In the past, the preparation of SEVs has been considered challenging due to the complexity of saliva and its high viscosity. The overall goal of EV-isolation techniques is to enable the most efficient and purest preparation of intact and functional EVs 22. While SEC seems to yield cleaner preparations for smaller sizes, it also significantly reduces the total particle count. Assuming that the majority of the protein components are high-abundant proteins in the saliva, the highest particle preparation efficacy (high particle load, minimal contamination) was achieved in UC with the purification step (3h + 3h) (UCopt). UC-isolated vesicles are larger on average than those isolated by SEC. Compared to the mean diameter of small EVs from plasma, SEVs tend to be larger, which has been reported previously4,12,23.

Our findings suggest that saliva can serve as a liquid biomarker with a high diagnostic value: Factors such as particle concentration, tetraspanin surface cargo, and total protein of SEVs are elevated in patients compared to HDs, and even increase with disease progression. Interestingly, similar particle concentrations and total protein load have been observed in small EVs from plasma2,20. Moreover, our results indicate that the surface marker cargo of immunomodulatory proteins correlates with the tumor stage and HPV status. PD-L1, FasL, and TGF-ß may be attractive biomarker candidates but remain to be studied in larger patient cohorts.

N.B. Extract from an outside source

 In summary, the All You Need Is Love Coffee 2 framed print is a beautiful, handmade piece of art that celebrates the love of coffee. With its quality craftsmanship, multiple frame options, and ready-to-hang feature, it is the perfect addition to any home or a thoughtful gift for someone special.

Ultimately, in addition to assessing physical criteria and EV cargo, it is crucial to include testing for biological activity as a vital indicator of the method's efficacy in isolating intact small EVs4,24. According to our results, the most efficient method for SEV preparation from HDs was UCopt providing a high particle-to-protein ratio with low contaminants. Previous studies on small EV isolation from blood serum or plasma made similar observations that several UC steps with washing steps are required to improve the purity of the EV samples25. A known limitation of UC is that high-speed ultracentrifugation destroys the integrity of EVs, which might limit their biological activity26. However, the functional results of our study implicate that SEVs isolated by both UCopt and SEC (Fig. 4) show biological activity: SEVs from patients and HDs impair NK cell and lymphocyte functions compared to the negative control (no SEVs). SEVs isolated via UCopt induce higher levels of Annexin V+ and PI+ CD8+ T cells than SEVs isolated by SEC (Fig. 4E/F). This difference can be attributed to the higher protein and particle concentration in UC isolated SEVs suggesting that UC leads to a higher concentration of functionally active SEVs.

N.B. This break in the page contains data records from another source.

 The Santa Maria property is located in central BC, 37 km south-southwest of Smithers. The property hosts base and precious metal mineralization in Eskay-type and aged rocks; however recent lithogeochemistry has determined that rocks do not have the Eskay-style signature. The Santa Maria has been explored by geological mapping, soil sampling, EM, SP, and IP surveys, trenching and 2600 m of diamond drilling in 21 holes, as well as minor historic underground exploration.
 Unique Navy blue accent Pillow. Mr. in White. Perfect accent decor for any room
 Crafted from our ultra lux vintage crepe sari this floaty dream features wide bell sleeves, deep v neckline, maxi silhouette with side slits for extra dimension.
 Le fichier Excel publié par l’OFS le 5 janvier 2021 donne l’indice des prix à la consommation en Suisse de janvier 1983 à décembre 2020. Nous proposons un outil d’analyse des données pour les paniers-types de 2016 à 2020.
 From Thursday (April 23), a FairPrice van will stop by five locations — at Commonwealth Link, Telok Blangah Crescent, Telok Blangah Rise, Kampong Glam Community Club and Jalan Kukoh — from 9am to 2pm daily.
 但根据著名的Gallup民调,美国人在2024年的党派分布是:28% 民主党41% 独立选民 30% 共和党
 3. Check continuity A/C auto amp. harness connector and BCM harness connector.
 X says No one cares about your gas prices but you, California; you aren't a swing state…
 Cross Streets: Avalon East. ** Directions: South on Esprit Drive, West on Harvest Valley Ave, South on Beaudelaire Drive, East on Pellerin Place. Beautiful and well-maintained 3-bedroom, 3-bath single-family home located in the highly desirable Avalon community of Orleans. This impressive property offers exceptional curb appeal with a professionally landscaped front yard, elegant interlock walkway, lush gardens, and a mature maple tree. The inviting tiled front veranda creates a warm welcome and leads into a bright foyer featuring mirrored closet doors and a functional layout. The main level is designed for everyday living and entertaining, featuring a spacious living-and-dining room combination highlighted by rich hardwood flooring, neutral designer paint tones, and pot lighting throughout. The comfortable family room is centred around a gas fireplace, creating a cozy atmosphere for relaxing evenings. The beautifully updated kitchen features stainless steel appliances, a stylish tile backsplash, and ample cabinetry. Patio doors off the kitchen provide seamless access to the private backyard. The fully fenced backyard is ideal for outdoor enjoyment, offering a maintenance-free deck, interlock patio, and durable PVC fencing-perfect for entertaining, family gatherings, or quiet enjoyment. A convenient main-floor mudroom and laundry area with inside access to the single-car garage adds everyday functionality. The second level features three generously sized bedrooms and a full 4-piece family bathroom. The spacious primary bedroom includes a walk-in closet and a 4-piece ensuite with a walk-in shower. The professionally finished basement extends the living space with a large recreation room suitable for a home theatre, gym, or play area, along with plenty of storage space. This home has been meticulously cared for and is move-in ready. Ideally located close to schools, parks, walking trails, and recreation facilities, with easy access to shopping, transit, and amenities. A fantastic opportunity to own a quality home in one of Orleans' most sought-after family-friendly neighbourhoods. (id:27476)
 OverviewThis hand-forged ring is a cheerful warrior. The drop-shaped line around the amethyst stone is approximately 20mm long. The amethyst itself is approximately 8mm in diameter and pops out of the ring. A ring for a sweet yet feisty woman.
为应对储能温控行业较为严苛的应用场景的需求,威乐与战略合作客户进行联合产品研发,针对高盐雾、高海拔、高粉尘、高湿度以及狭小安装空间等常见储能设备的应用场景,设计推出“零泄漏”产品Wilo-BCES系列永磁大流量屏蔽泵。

As shown previously, SEVs have a primarily cancerous origin as evidenced by their CD44v3 cargo (TEV), in contrast to small EVs from plasma, which are mainly of hematopoietic origin (non-TEVs)4. From plasma and cell culture studies, it is well-known that TEVs are highly immunosuppressive2,24,27,28. The different functionality of SEVs might reflect the different compositions of EVs from saliva compared to plasma. Interestingly, the supernatant collected after UC showed a contrasting effect on immune cells compared to the isolated SEVs. This suggests that the observed impact on the immune cell functions is indeed mediated by SEVs and not soluble factors. Further studies involving larger patient cohorts, different subsets of immune cells, and different doses of SEVs are required to classify the immunological capacity of SEVs.

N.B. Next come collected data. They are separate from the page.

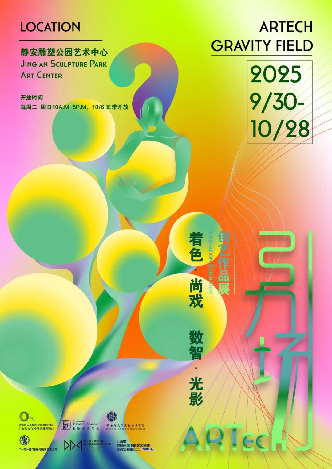 自2022年上海戏剧学院与静安区人民政府启动“公共文化校地共建基地”项目以来,上海戏剧学院舞台美术系的品牌项目“着色”系列便从校园舞台走向城市公园,成为连接学术高地与公共文化空间的重要桥梁。2025年的“ARTECH引力场——创艺作品展”,标志着这一合作迈入新阶段。
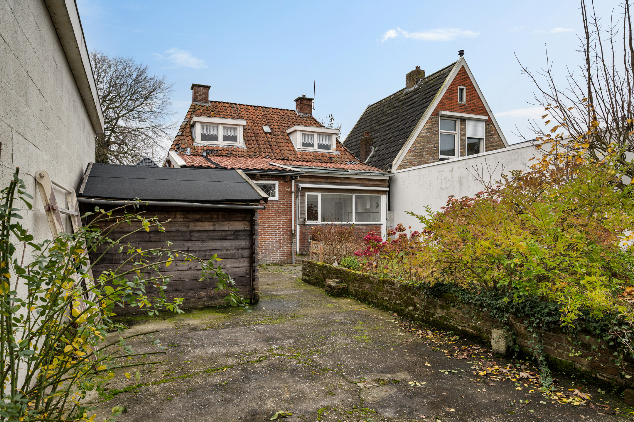 De ruime achtertuin biedt volop mogelijkheden voor tuinliefhebbers en beschikt over een achterom en een vrijstaande houten berging.
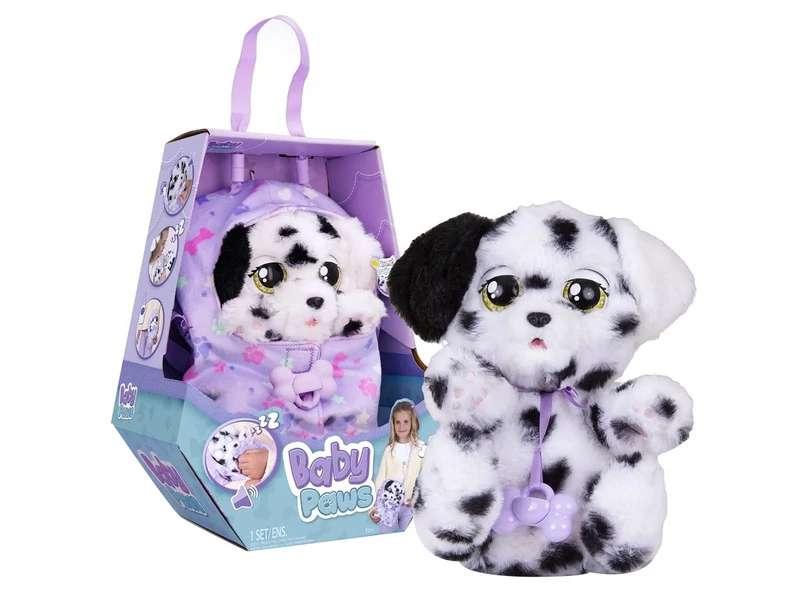 - A Baby Paws Dalmatian egy aranyos, fekete-fehér pöttyös kutyus, szuper puha szőrrel, így teljesen úgy néz ki, mint egy igazi kutya!

In summary, our work supports UCopt as the preferred method for SEV isolation. Particularly, surface proteins on SEVs, like PD-L1, FasL, and TGF-β could serve as potential diagnostic tools. SEVs from both HDs and HNC patients mediate immunosuppressive functions on NK cells and T cells, which are partly not disease-specific. Further studies are needed to confirm the biomarker potential of SEVs in HNC and to gain deeper insights into the functionality of SEVs.